Page MenuHomePhabricator

Elasticsearch chi@eqiad cluster contains invalid cross cluster settings
Closed, ResolvedPublic5 Estimated Story Points

Description

Context: The cross cluster settings are used to search across different projects, if they are invalid the impact on users is that the crosslanguage & crossproject search is broken (silently, the widget does not show up). In this instance it was broken between 2022-04-07 18:30 to 2022-04-08 08:30.

The way to configure cross cluster seeds changed between elastic 5 and 6. Previously the key search.remote had to be set, now it must be cluster.remote.
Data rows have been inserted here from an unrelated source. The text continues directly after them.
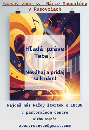 Ak  radi spievate, prípadne hráte na nejaký hudobný nástroj, napíšte nám na zbor.rusovce@gmail.com alebo rovno príďte medzi nás. Stretávame sa každý štvrtok o 18:30 hod. v Pastoračnom centre v Rusovciach.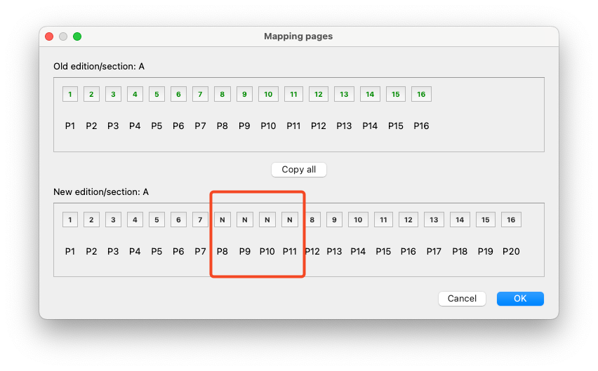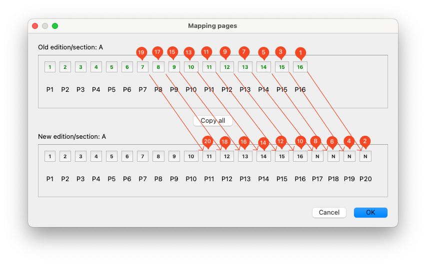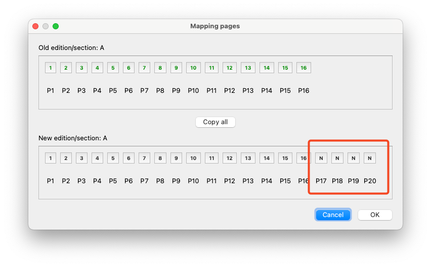 The user will map the new positions of the original pages following the expansion. To do this, the user should first click on a page in the “Old” edition/section, then click on the corresponding page in the “New” edition/section. It is easiest to start from the end of the section and work backward, effectively shuffling the new pages into the book.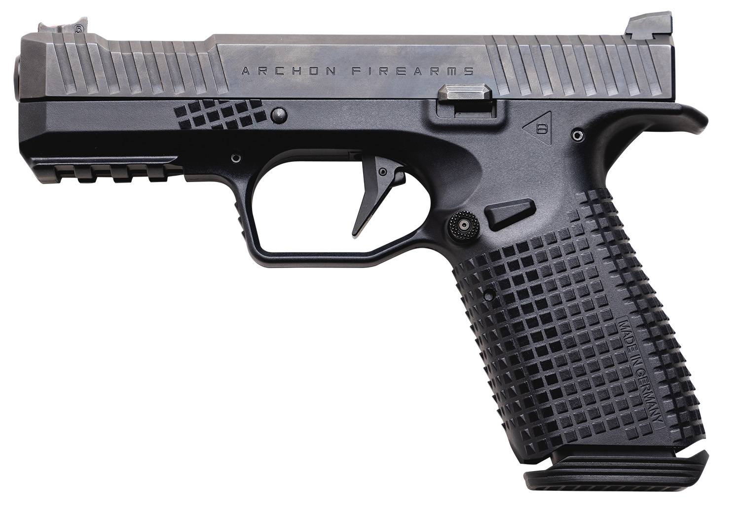 The Archon Type B, Gen 1 a compact, semi-automatic handgun. Featuring an ergonomic grip that stands out in its ability to mitigate unwanted motion when firing. Its intricate design, characterized by complex beveled squares, grants shooters an optimized hold, enhancing accuracy and maintaining impeccable control during use; AF-Speedlock technology, this system incorporates a low bore axis along with a patented breech locking mechanism. The barrel remains straight during the slide cycle, allowing the entire slide of the firearm to nest deeper into the grip. This synergistic design has two significant outcomes: a dramatic reduction in muzzle rise and a tangible decrease in felt recoil. Includes two magazines.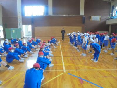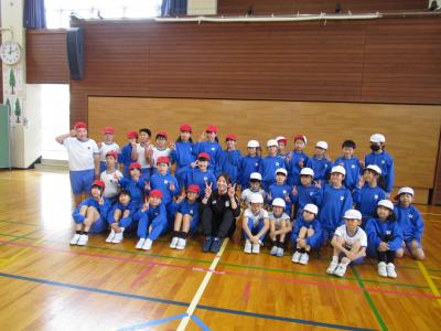 運動会の定番「チェッコリ」を全校児童で踊り、「道」を歌いました。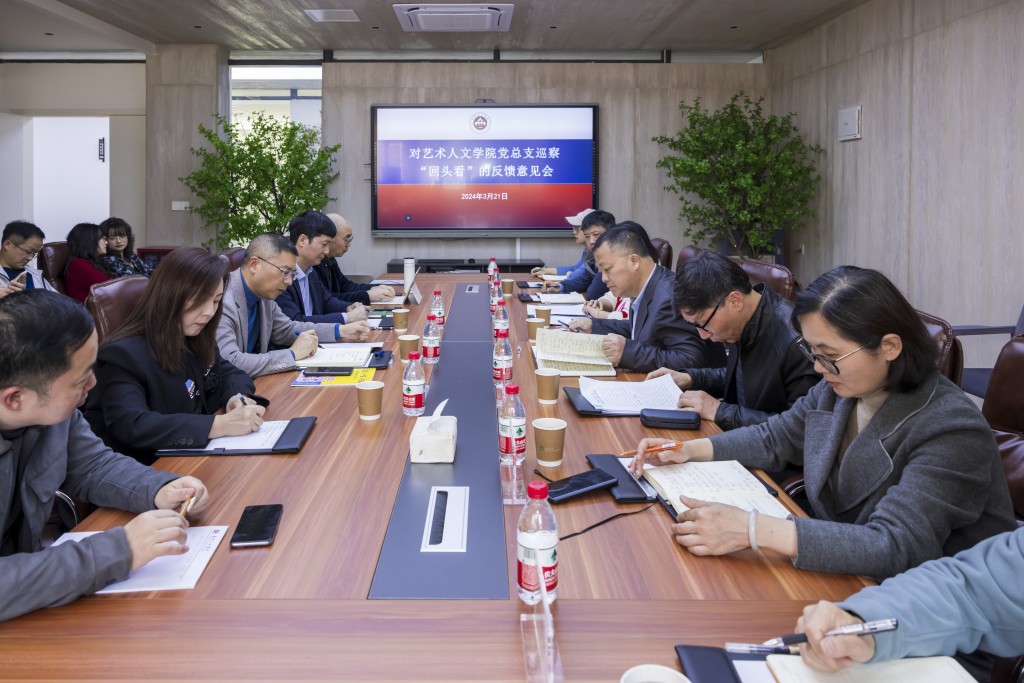 党委巡察“回头看”工作组成员、艺术人文学院全体教职工参加了会议。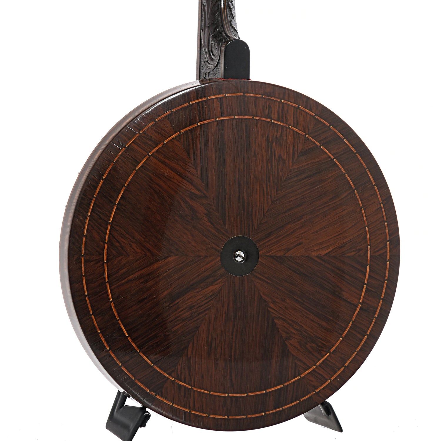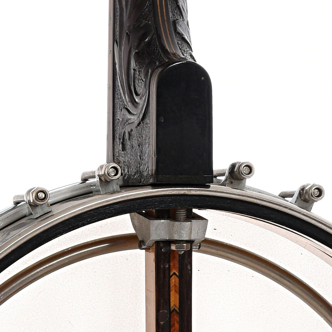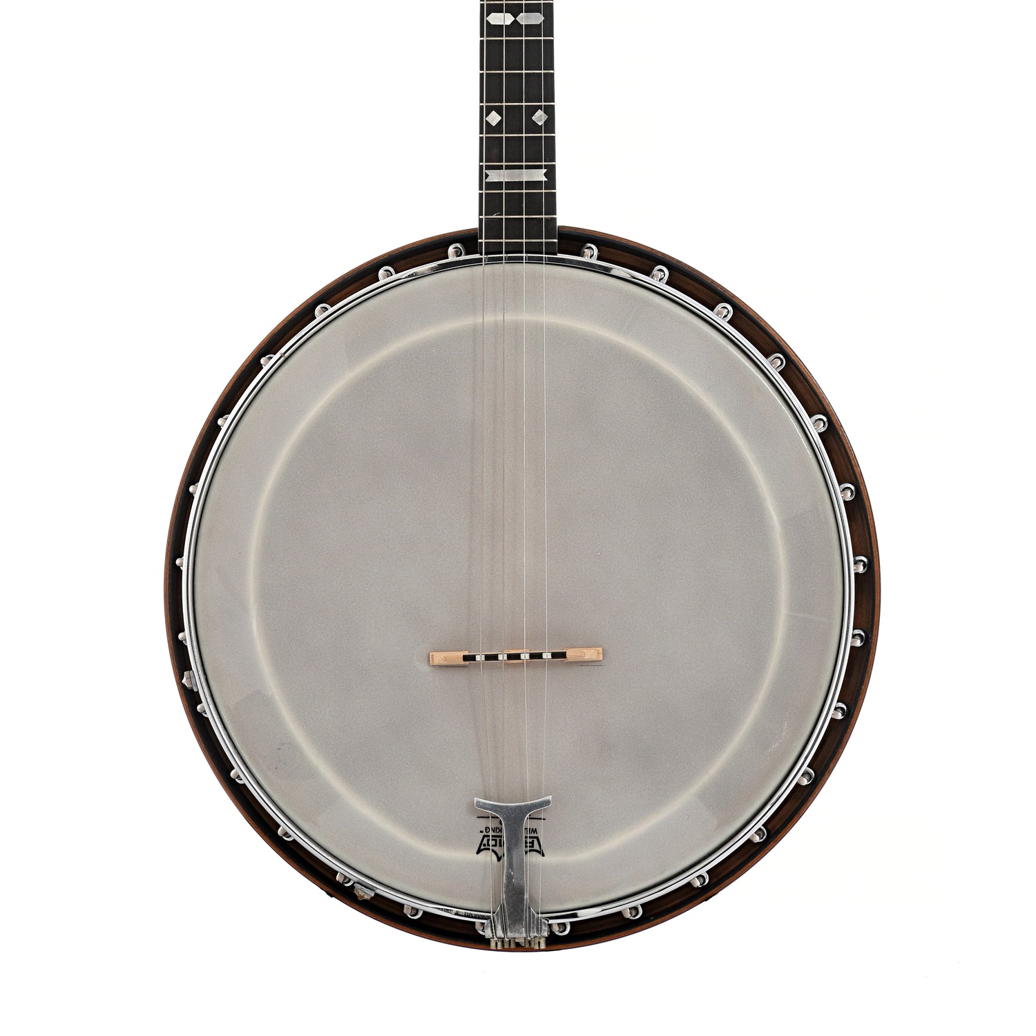 Fred Van Eps was a famous banjo player in his day. This is the fanciest Van Eps banjo we have seen. Brazilian rosewood neck and carved heel. This one also features a fancy resonator. The models that bear his name were designed by Fred and marketed by Lyon & Healy in Chicago. With rough semi-hardshell case.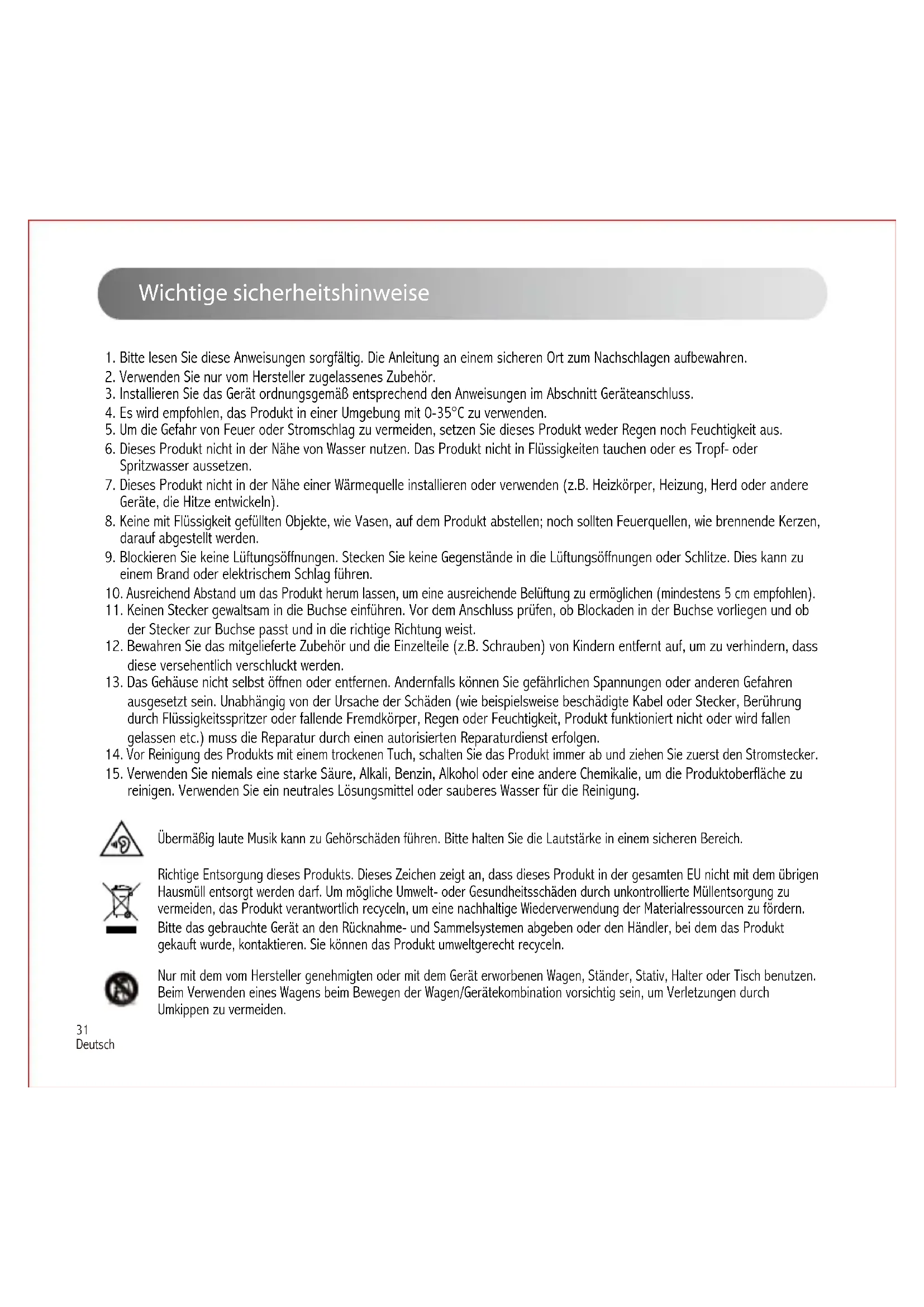 - Los altavoces EDIFIER generan el menor ruido posible, mientras que otros dispositivos de audio emiten demasiado ruido de fondo. Desconecte los cables de audio y suba el volumen, si no se oye ningún sonido a un metro de distancia del altavoz, el aparato funciona correctamente. Si quiere saber más sobre EDIFIER, visite www.edifier.com. Para consultas sobre la garantía EDIFIER, por favor, seleccione la página del país correspondiente en www.edifier.com y revise la sección Condiciones de la garantía. EE.UU. y Canadá: service@edifier.ca América del Sur: por favor, visite www.edifier.com (inglés) o www.edifierla.com (español/portugués) para obtener información de contacto local.31 Deutsch Wichtige sicherheitshinweise Übermäßig laute Musik kann zu Gehörschäden führen. Bitte halten Sie die Lautstärke in einem sicheren Bereich. Richtige Entsorgung dieses Produkts. Dieses Zeichen zeigt an, dass dieses Produkt in der gesamten EU nicht mit dem übrigen Hausmüll entsorgt werden darf. Um mögliche Umwelt- oder Gesundheitsschäden durch unkontrollierte Müllentsorgung zu vermeiden, das Produkt verantwortlich recyceln, um eine nachhaltige Wiederverwendung der Materialressourcen zu fördern. Bitte das gebrauchte Gerät an den Rücknahme- und Sammelsystemen abgeben oder den Händler, bei dem das Produkt gekauft wurde, kontaktieren. Sie können das Produkt umweltgerecht recyceln. Nur mit dem vom Hersteller genehmigten oder mit dem Gerät erworbenen Wagen, Ständer, Stativ, Halter oder Tisch benutzen. Beim Verwenden eines Wagens beim Bewegen der Wagen/Gerätekombination vorsichtig sein, um Verletzungen durch Umkippen zu vermeiden.

It appears that the cluster chi@eqiad still contains references search.remote in addition to cluster.remote:

{
  "search": {
    "remote": {
      "omega": {
        "seeds": [
          "elastic1034.eqiad.wmnet:9500",
          "elastic1040.eqiad.wmnet:9500",
          "elastic1038.eqiad.wmnet:9500"
        ]
      },
      "psi": {
        "seeds": [
          "elastic1052.eqiad.wmnet:9700",
          "elastic1048.eqiad.wmnet:9700",
          "elastic1050.eqiad.wmnet:9700"
        ]
      }
    }
  },
  "cluster": {
    "remote": {
      "chi": {
        "seeds": [
          "elastic1054.eqiad.wmnet:9300",
          "elastic1074.eqiad.wmnet:9300",
          "elastic1081.eqiad.wmnet:9300"
        ]
      },
      "omega": {
        "seeds": [
          "elastic1068.eqiad.wmnet:9500",
          "elastic1076.eqiad.wmnet:9500",
          "elastic1057.eqiad.wmnet:9500"
        ]
      },
      "psi": {
        "seeds": [
          "elastic1073.eqiad.wmnet:9700",
          "elastic1075.eqiad.wmnet:9700",
          "elastic1083.eqiad.wmnet:9700"
        ]
      }
    },

Unfortunately there does not seem to be a way to delete these settings as neither of:

curl -XPUT -H"Content-Type: application/json" localhost:6102/_cluster/settings -d'{"persistent": {"search.remote": null}}'
curl -XPUT -H"Content-Type: application/json" localhost:6102/_cluster/settings -d'{"persistent": {"search" :{"remote": null}}}'

work as they return persistent setting [search.remote], not recognized.
What works is:

curl -XPUT -H"Content-Type: application/json" localhost:6102/_cluster/settings -d'{"persistent": {"search" :{"remote": {"omega": {"seeds": null}}}}}'

But it seems to hit some BC code and affects the cluster.remote section leaving the search.remote section intact.
Re-adding the seeds to cluster.remote with:

curl -XPUT -H"Content-Type: application/json" localhost:6102/_cluster/settings -d'{"persistent": {"search" :{"remote": {"omega": {"seeds": ["elastic1068.eqiad.wmnet:9500", "elastic1076.eqiad.wmnet:9500", "elastic1057.eqiad.wmnet:9500"]}}}}}'

does seem to force elastic to use these seeds instead of the old ones. There seems to be some dependency on the order in which these sections are loaded such that the old (and un-deletable?) search.remote section can be used as the source for the seeds.

AC:

  • understand what's going on (question upstream)
  • cleanup the search.remote section from the chi@eqiad cluster settings

Event Timeline

Restricted Application added a subscriber: Aklapper. · View Herald Transcript

Mentioned in SAL (#wikimedia-operations) [2022-04-20T07:49:34Z] <dcausse> T305689: reset crosscluster settings of the elastic chi cluster in eqiad

I could not reproduce such duplicated settings even when doing the following updates: 5.5 -> 6.3 -> 6.3.1 -> 6.4.2 -> 6.5.4.
Testing using the node state taken from the master node (e.g. elastic1054.eqiad.wmnet:/srv/elasticsearch/production-search-eqiad/nodes/0/_state/) I was able to boot elasticsearch v7.10.2 locally without errors, the duplicated settings disappeared and I could update them properly.
I'm going to assume that this won't cause any problem for us and will resolve itself by upgrading to 7.10.